> Required work:
Return exactly the lines from the one containing "THG Mandarine metal" through the end of the material below, and leave the images out.

> Data for processing:
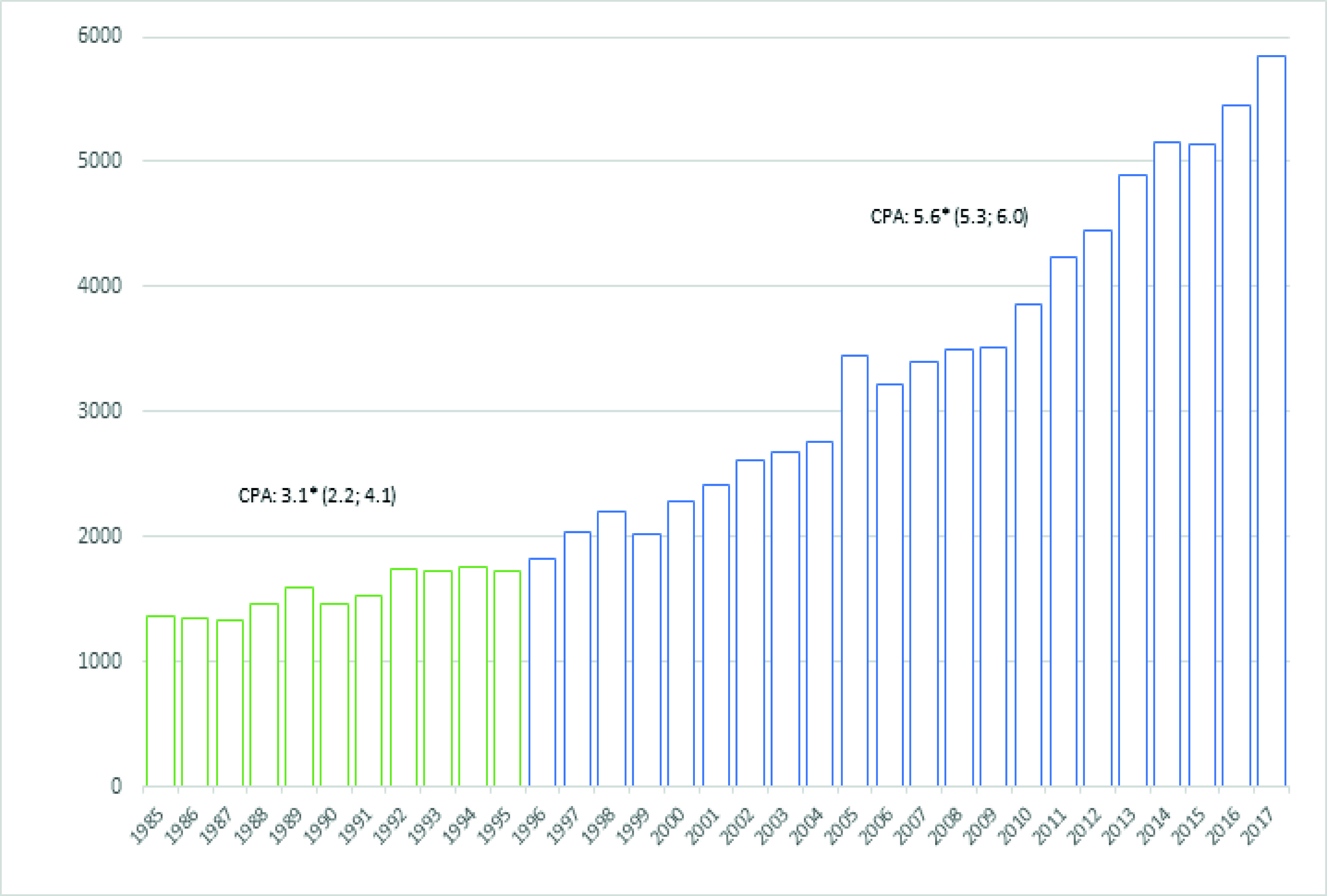 Desde 1985 hasta 2017 se diagnosticaron 93,821 casos nuevos de cáncer entre los residentes en la ciudad de Quito (Figura 2). El número de casos pasó de 1,355 en el año 1985 a 5,846 en el año 2017. La tendencia a lo largo de todo el período fue hacia un incremento, con ritmos diferentes en dos períodos, pasando de un CPA de 3.1 (IC 95%: 2.2-4.1) en el periodo 1985-1995, a un CPA de 5.6 (IC 95%: 5.3-6.0) a partir de 1996 (Figura 2).
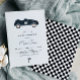 Race car baby shower invitation in a minimalist style with a blue race car and cars pattern on back. You can personalise this invitation with your own details under the "Personalise this template" section.
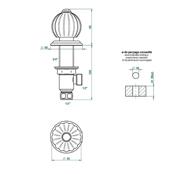 THG Mandarine metal Вентиль смесителя для раковины, цвет: хром/золото
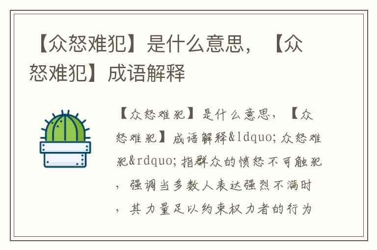 【众怒难犯】是什么意思,【众怒难犯】成语解释
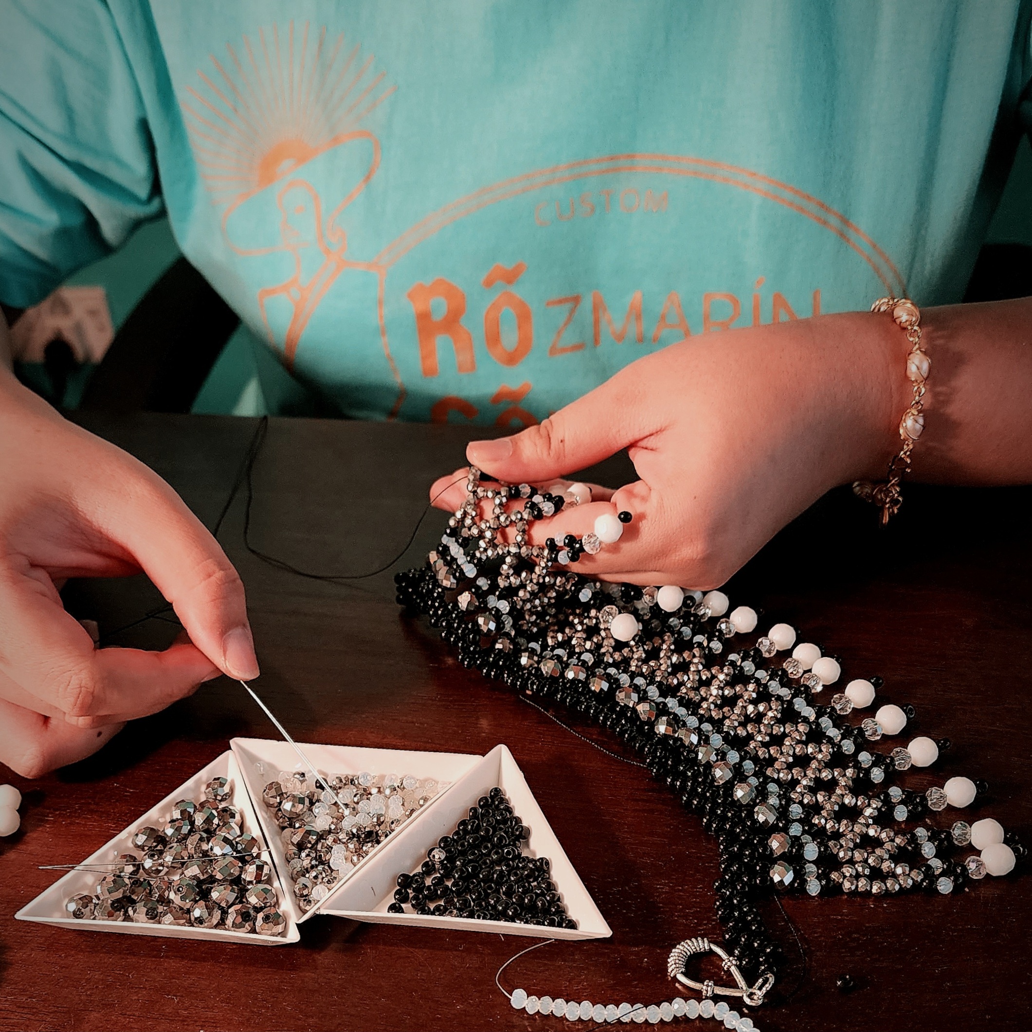 Being exposed to the craft and arts at a young age, Rosemary learned the ways to weave beads into a piece. Along the years, she self taught herself new ideas and weaving patterns through experimenting and researching, breaking the norm and bringing the past to the present.

> Solution below:
 THG Mandarine metal Вентиль смесителя для раковины, цвет: хром/золото
 【众怒难犯】是什么意思,【众怒难犯】成语解释
 Being exposed to the craft and arts at a young age, Rosemary learned the ways to weave beads into a piece. Along the years, she self taught herself new ideas and weaving patterns through experimenting and researching, breaking the norm and bringing the past to the present.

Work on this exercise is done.